I’m for the moment testing a japanese co2 beacon sensor BLE Sensor Kanki AirMier – obniz store that also have 5v from usb.

Since the spec sheet of Sensirion SCD40 (https://sensirion.com/media/documents/C4B87CE6/627C2DCD/CD_DS_SCD40_SCD41_Datasheet_D1.pdf) also contains this:

Average supply current for low power periodic measurement IDD:
VDD = 3.3 V typical 3.2 mA, max 3.5 mA
VDD = 5 V typical 2.8 mA, max 3.0 mA

Would it be possible to just have suitable capacitors taking care of peak current and work with a coin battery? Low power mode allows taking one CO2 measurement per 30 second period which should be fine for a device such as ruuvitag.
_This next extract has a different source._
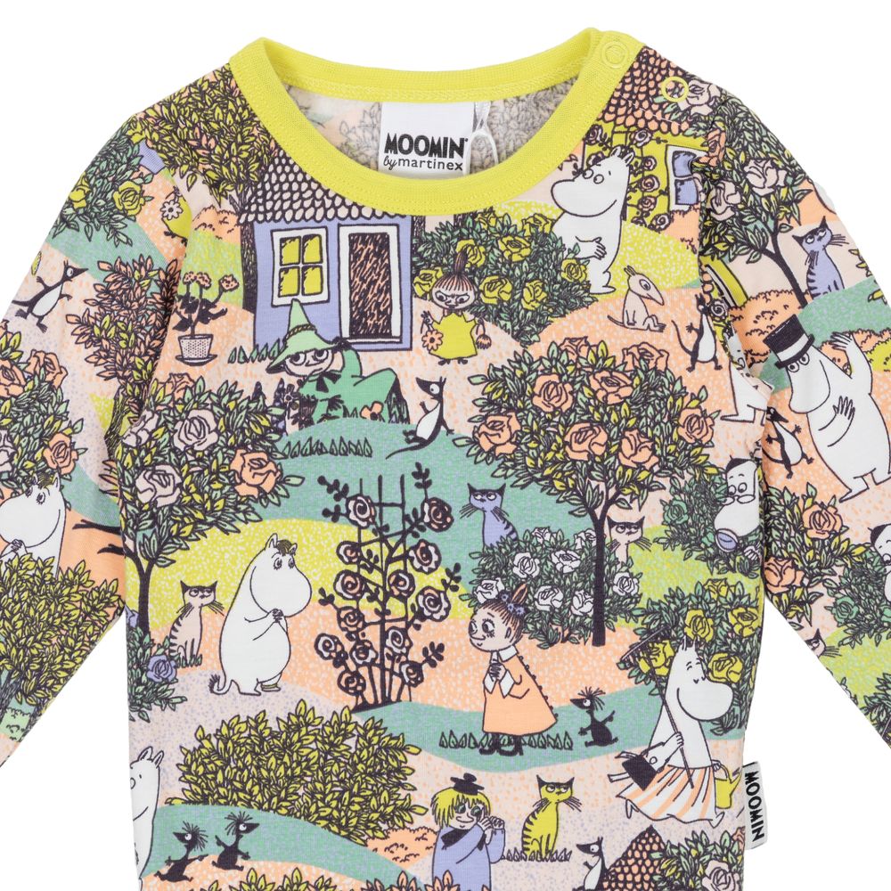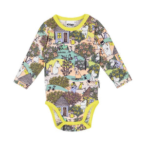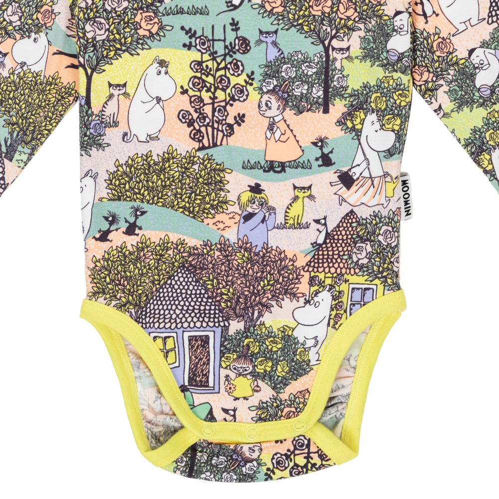 A soft and comfortable Moomin bodysuit for babies. The long-sleeve bodysuit has snap buttons on the shoulders and at the crotch, with extra space for a diaper. The bodysuit is made with certified organic cotton blend.

Of course, with a single coin cell battery power source one would still need some kind of DC-DC converter to increase the minimum voltage.

Maybe some future ruuvitag model could use stack of two coin cell batteries to enable sensors like this without DC-DC converter?

However, the data sheet for that sensor also says this (emphasis mine):

VDD and VDDH are used to supply the sensor and must always be kept at the same voltage, i.e. should both be connected to the same power supply. The combined maximum current drawn on VDD and VDDH is indicated in Table 4. Care should be taken to choose a low noise power supply (preferably a low-dropout regulator, LDO, with output ripple of less than 30 mV p-p), which is adequately dimensioned for the relatively large peak currents. Power supply configurations with large transient voltage drops are to be avoided to ensure proper sensor operation.

Powering the peak currents with coin cells is not very practical. Theoretically we could add some supercapacitor to provide the for peak currents, but then we’d need to add circuitry to trickle-charge the supercapacitor and the leakage current of supercapacitor would probably shorten the battery life significantly.

The sensor would be best paired with USB power supply, possibly with a rechargeable battery so the sensor could be disconnected from USB time to time as needed.